How toStrongly type public assets in Remix

Remix gives us two ways to work with assets, we can import them directly and get a string to the hashed file path, or we can place the file inside the public folder and reference the file directly.

In most cases, importing the asset is the best approach since the hashed file path will let us cache the file for a year. But if we can't do that, for example if the file needs to be in a specific path and with a specific name, we will need to use the public folder.

Examples of this can be robots.txt.

The problem is that we have no way to know with TS that the file actually exists, so we're referencing a path that may not exists anymore or may have a typo.

But we can solve that! Let's write a script to generate a .d.ts file that knows all of our files inside public.

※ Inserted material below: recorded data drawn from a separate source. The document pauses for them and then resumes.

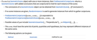 - If scene is a GeometricScene object with one or more instances, then FindGeometricConjectures returns a GeometricScene with added conclusions that are conjectured to hold for each instance of the scene.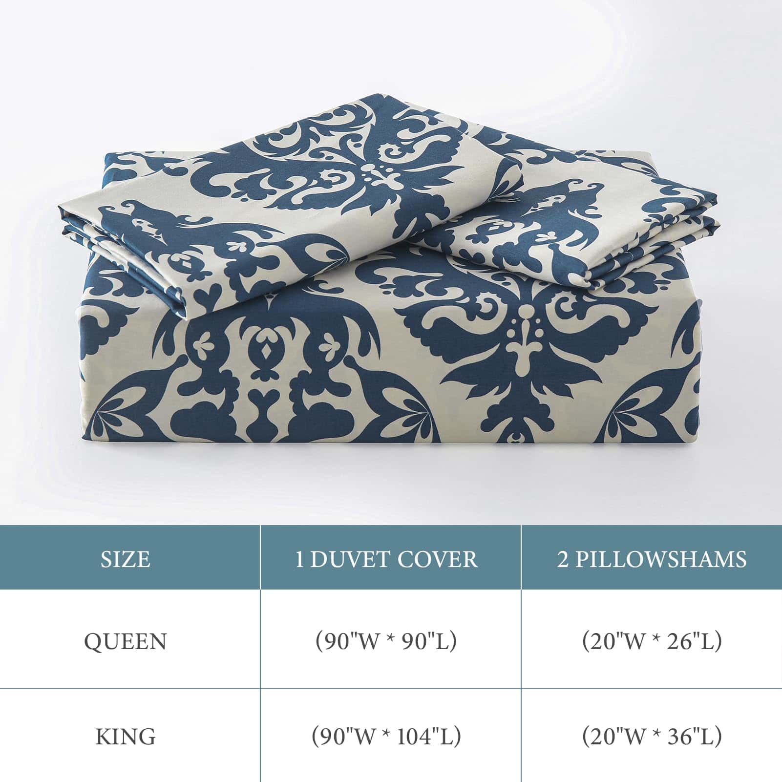 1. QUÉ RECIBES – Este juego de cubierta de edredón de algodón tamaño queen incluye 1 cubierta de edredón (90″ x 90″) y 2 fundas de almohada (20″ x 26″). ¡Sin edredón!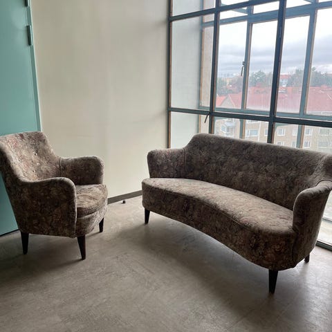 Asiasanat: vanha sohva, 50 luvun sohva, 60 luvun sohva, vintage sohva, verhoiltu sohva, pieni sohva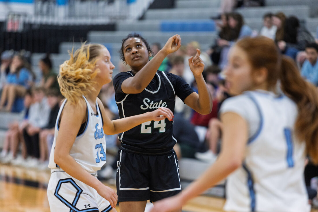 Free State junior forward Sarai Preston watches her shot after a 3-pointer at Shawnee Mission East High School in Prairie Village on Tuesday, Feb. 17, 2026.

import { writeFile } from "node:fs/promises";
import { resolve } from "node:path";

async function main() {
	let { globby } = await import("globby");

	let pattern = [
		"public/**/*", // get all files in public
		"!public/build/**/*", // except public/build
		// these two are for Cloudflare Pages
		"!public/_headers",
		"!public/_routes.json",
	];

	let files = await globby(pattern);

	files = files.map((file) => file.replace("public/", "/"));

	await writeFile(
		resolve("./types/assets.d.ts"),
		`export type Assets = ${files.map((file) => `"${file}"`).join(" | ")}`
	);
}

main();

We could run this script with:

node --require esbuild-register scripts/assets.ts

After we run this script, we will have a files in types/assets.d.ts like this:

export type Assets = "/favicon.ico" | "/robots.txt";

Let's create a function to ensure the our assets exists:

import type { Assets } from "~/types/assets";

export function asset(file: Assets, base?: URL): string {
	if (!base) return file;
	return new URL(file, base).toString();
}

This function will be used like asset("/robots.txt"), the file: Assets will ensure the file we're referencing exists in our type, even if we later return it as is.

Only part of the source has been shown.